◆ ABOUT THIS EXERCISE:
Find, in the records below, the line that contains "Tem um salário" and the line that contains "El presidente Municipal, Juan". Copy those two lines and everything between them exactly, but not the pictures.

◆ EXERCISE MATERIALS:
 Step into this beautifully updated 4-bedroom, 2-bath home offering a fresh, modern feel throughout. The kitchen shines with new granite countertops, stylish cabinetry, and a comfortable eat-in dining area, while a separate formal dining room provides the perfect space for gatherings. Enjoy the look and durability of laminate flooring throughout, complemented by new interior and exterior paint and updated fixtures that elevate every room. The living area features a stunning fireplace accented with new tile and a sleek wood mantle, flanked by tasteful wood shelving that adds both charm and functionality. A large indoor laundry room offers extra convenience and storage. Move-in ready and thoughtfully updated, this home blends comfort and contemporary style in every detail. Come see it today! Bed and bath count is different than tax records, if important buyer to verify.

--

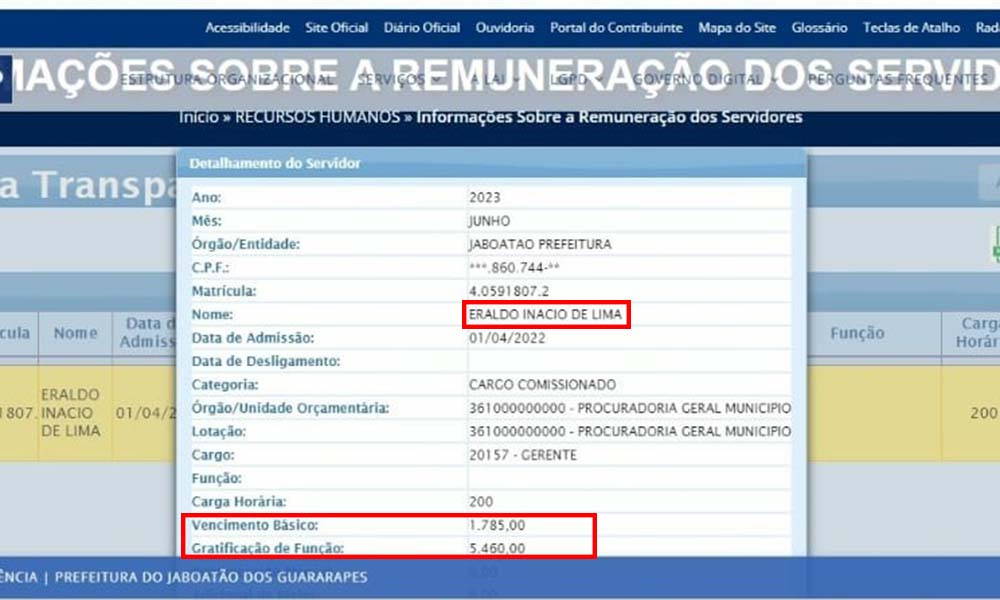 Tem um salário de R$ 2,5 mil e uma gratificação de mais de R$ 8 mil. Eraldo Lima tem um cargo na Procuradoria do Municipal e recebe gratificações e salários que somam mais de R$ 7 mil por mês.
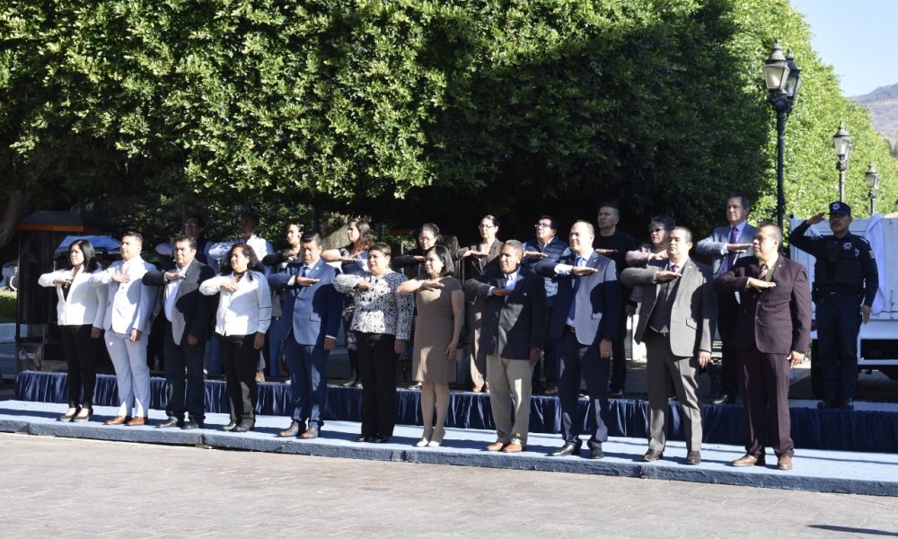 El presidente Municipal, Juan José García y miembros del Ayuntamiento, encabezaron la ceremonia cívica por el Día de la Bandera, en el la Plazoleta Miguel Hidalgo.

◆ RESULT OF THE EXERCISE:
 Tem um salário de R$ 2,5 mil e uma gratificação de mais de R$ 8 mil. Eraldo Lima tem um cargo na Procuradoria do Municipal e recebe gratificações e salários que somam mais de R$ 7 mil por mês.
 El presidente Municipal, Juan José García y miembros del Ayuntamiento, encabezaron la ceremonia cívica por el Día de la Bandera, en el la Plazoleta Miguel Hidalgo.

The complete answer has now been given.